The two primary tubes would create intake
pulses every 60 deg rotary (or 180 deg e shaft)
revolution. Same for the secondaries. The
primary and secondary of the same rotor would be near simultaneous in
sucking air. So those two pulses I would think tend to reinforce each
other. Now the pulse theory states that when a FAW pulse hits an
"Open" (relative speaking) it reflects an opposite wave back down the
tube. So if a "negative" pulse hits the TB opening, then it would
reflect a positive wave (helping to push the air toward the
intake). However that wave could be opposing the following set of
pulses which it could interfere with. So would have to do some
calculations to see how long the manifold would need to be at some rpm (high
I presume) such that the positive reflected wave would reach
the intake port area in time to help shove more air in
- before running into the next pair of pulses in the
tube.
No! No! no more manifolds (at least not
this summer {:>)) Well, maybe a few calculations.
Lets see - at 6000 rpm the rotation period of
the rotor is 60/2000 = .03 sec = 30 millsec. 6 pulses created(one for
each of the 3 faces *2) during each revolution so we have 30/6 = 5
millisec between each pulse sets. If you assume sea level speed of
sound approx 1100 ft/sec, then for a pulse to be generated by the intake
opening, travel to the TB and back to the next set of intake port openings
would be approx .005* 1100 = 5.5 ft. or 1/2 of that for length of runner
(trip one way and trip back) = 2.5 ft or apprx 29". But that was at
6000 rpm and 1100 fps.
For 7000 rpm 60/3500 = .017 sec.
.017/6 = .00286 sec or 2.86 millsec. .00286 *1100 = 3.14 ft or
1/2 of that would be 1.5 ft or 18" for a runner length, at least if my math
is correct. This is only an approximation but should give you an idea
of lengths.
Ed
----- Original Message -----
Sent: Sunday, May 08, 2005 1:07
PM
Subject: [FlyRotary] Re: 4-port
intake measurements
When I combined my
primary and secondary on one of my intake designs I used a 1.75" dia tube,
so sounds like your dimensions closely agree. I currently have
a 1 1/2 and 1 1/4 for the secondary and primary respectively. So
that gives me a total of 2.99 sq inch runner area per rotor. So approx .45
sq inches more per rotor than you currently have, so I would say your
current design could be restrictive.
Thanks
Ed, That's pretty much my conclusion too. While it's certainly
making good power, it could clearly be better, so it's probably
worth the hassle of making another intake.
I'm not
sure if we ever cleared up this business about whether you need a
single TB big to allow for both rotors, or just one at a
time. That was at the heart of the Ellison debate.

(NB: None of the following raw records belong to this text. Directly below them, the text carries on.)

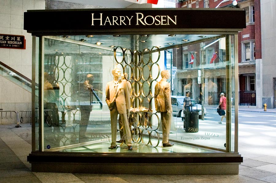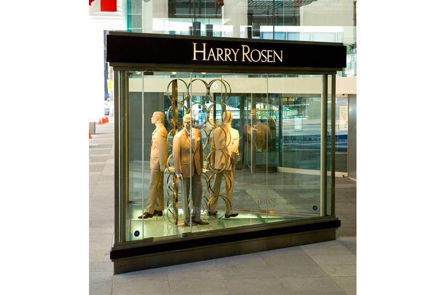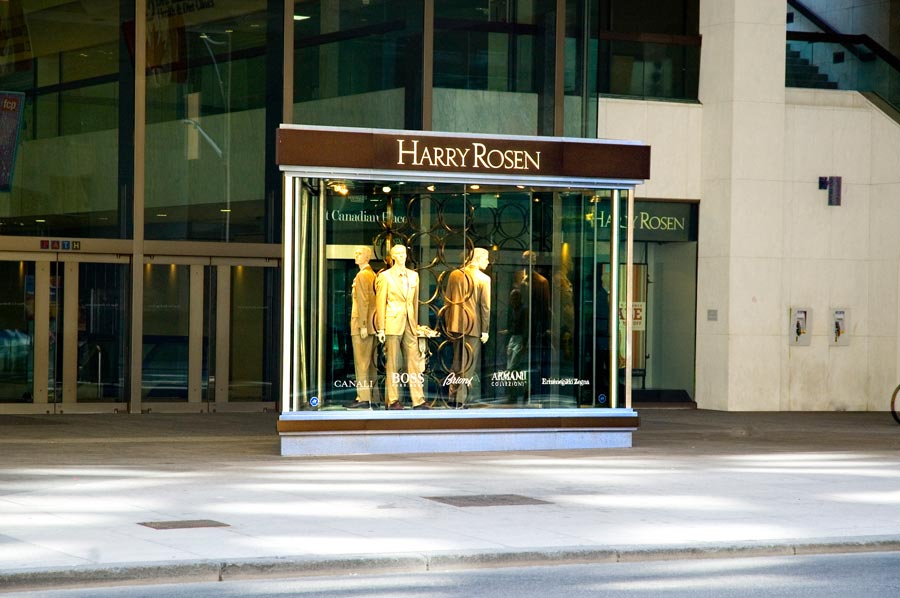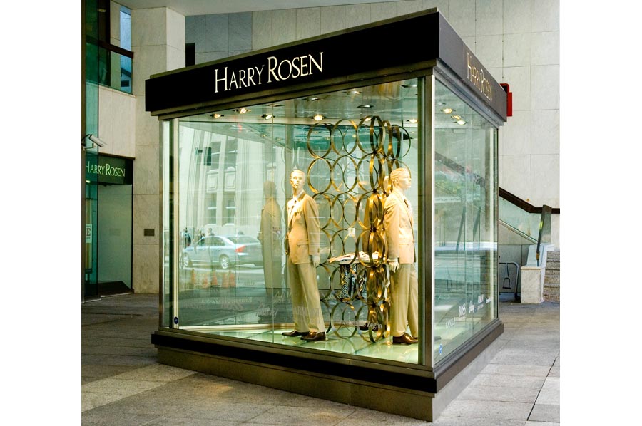 Scope: Soheil Mosun Limited was contracted to fabricate and install (1) metal and glass structure, an exterior display case for the Harry Rosen menswear store located in First Canadian Place.
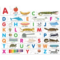 Puzzle pieces that progressively build to teach the alphabet. A tactile emery surface helps children recognise each letter's shape; then match it to a corresponding image. Each letter puzzle then builds to form a larger, rectangular alphabet puzzle. Individually sized puzzle pieces teach childern to distinguish longer and shorter words. Children learn to recognise the alphabet, read their first words and develop their fine motor skils. Features 26 two-piece alphabet puzzles. Made from chunky cardboard.
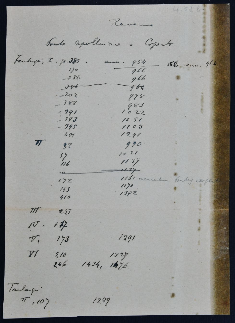 Nota manoscritta con riferimenti all'opera "Monumenti ravennati de' secoli di mezzo per la maggior parte inediti" di Marco Fantuzzi, tomi I-VI (Venezia, 1801-1804)
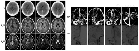 MRI包括常规T1和T2加权成像、液体衰减反转恢复序列(fluid-attenuated inversion recovery,FLAIR)、MRA、磁共振静脉成像(magnetic resonance venography,MRV)、弥散加权成像(diffusion-weighted imaging,DWI)、弥散张量成像(diffusion tensor imaging,DTI)、灌注加权成像(perfusion-weighted imaging,PWI)、磁共振波谱成像(magnetic resonance spectroscopy,MRS)、血氧水平依赖成像(blood oxygen level dependent,BOLD)、磁敏感加权成像(sensitivity weighted image,SWI)、高分辨血管壁磁共振成像(high resolution magnetic resonance vascular wall imaging,HR-VWI)等[3]。
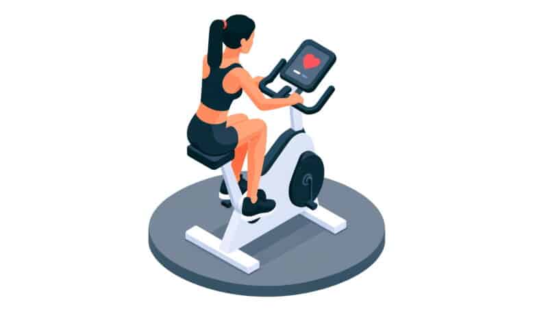 サドル位置を調整し、膝が伸びきらない程度に設定。ペダルを無理なく漕げる負荷で、20分以上続けると脂肪燃焼効果が高まります。
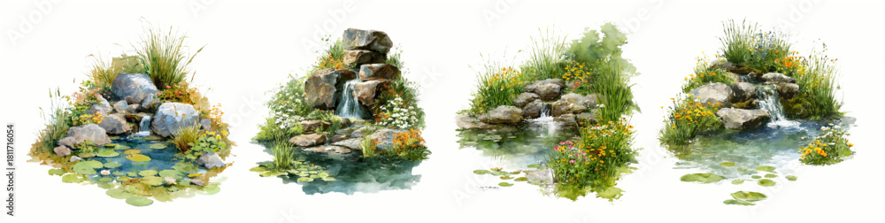 Fototapeta Watercolor set of garden lakes with mini waterfalls
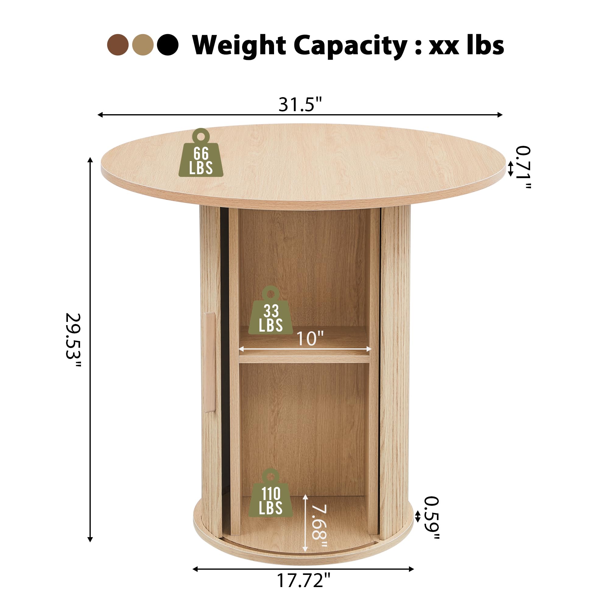 Mesa de comedor redonda de 31.5 pulgadas para 2-4, mesa de cocina moderna de granja con estante de almacenamiento de 2 niveles, pequeñas mesas de comedor circulares de madera con base estriada para el hogar, comedor, sala de estar (natural)
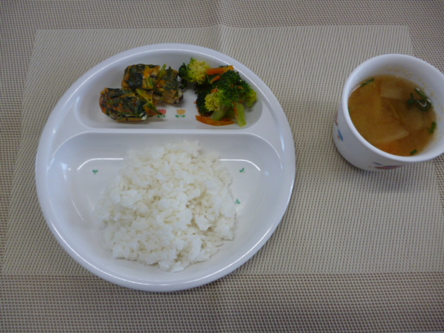 今日の給食は、「千草焼き」、「ブロッコリーのおかか和え」と「白菜のみそ汁」 おやつは、「牛乳」、「ミルク蒸しパン」と「ハッピーターン」です。
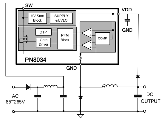 PN8034內(nèi)置高壓?jiǎn)?dòng)模塊,能夠?qū)崿F(xiàn)系統(tǒng)快速啟動(dòng)和超低待機(jī)功耗,待機(jī)功耗低于100mW。
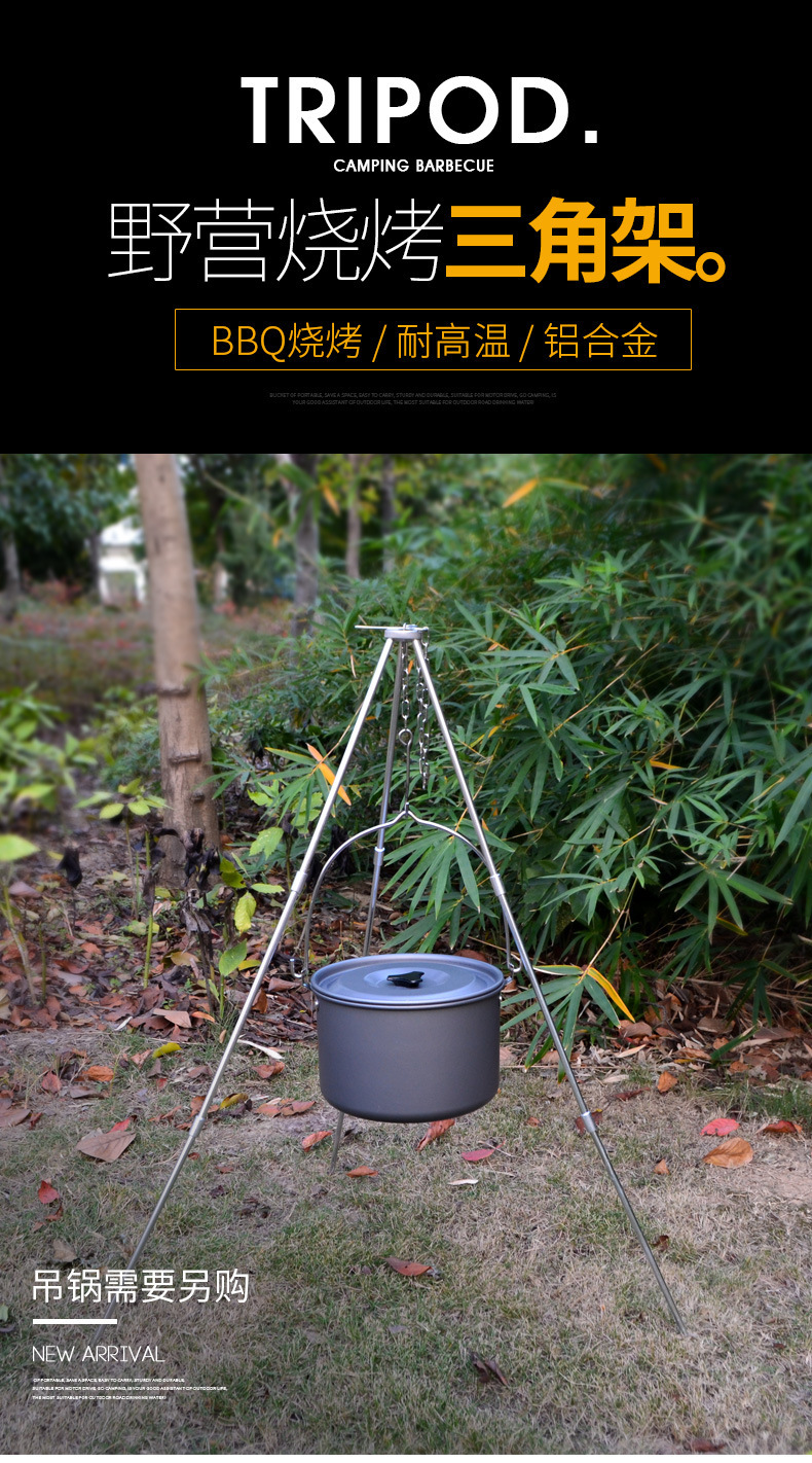 Su Mi 야외 바베큐 접이식 삼각대 그릴 삼각대 캠핑 3 섹션 모닥불 세트 냄비 걸이 볼드스토어 가기

Interestingly, if you add the sizes of the ports on both rotors, it
comes to an equivalent tube of about 63mm ID, which is right in line with
the recent discussion of TB sizes.
Here's
another wacky idea for your entertainment- I'm familiar with
the scavenging concept used in exhaust systems. For one
bank of a V-8, you start with 4 pipes, then combine them to two
bigger pipes, and finally one even bigger pipe. The thought is
that active flow from one pipe is creating a suction on the others to
help pull out exhaust of a cylinder that's almost done with it's exhaust
cycle.
Will
this work in reverse? It almost seems like it would to
me. What would happen if you start with two primaries, and
two secondaries, then combine them to make two larger pipes (one for each
rotor), then combine again for a single larger pipe with a TB on the end
of it?
Cheers,
Rusty
(more power Scotty)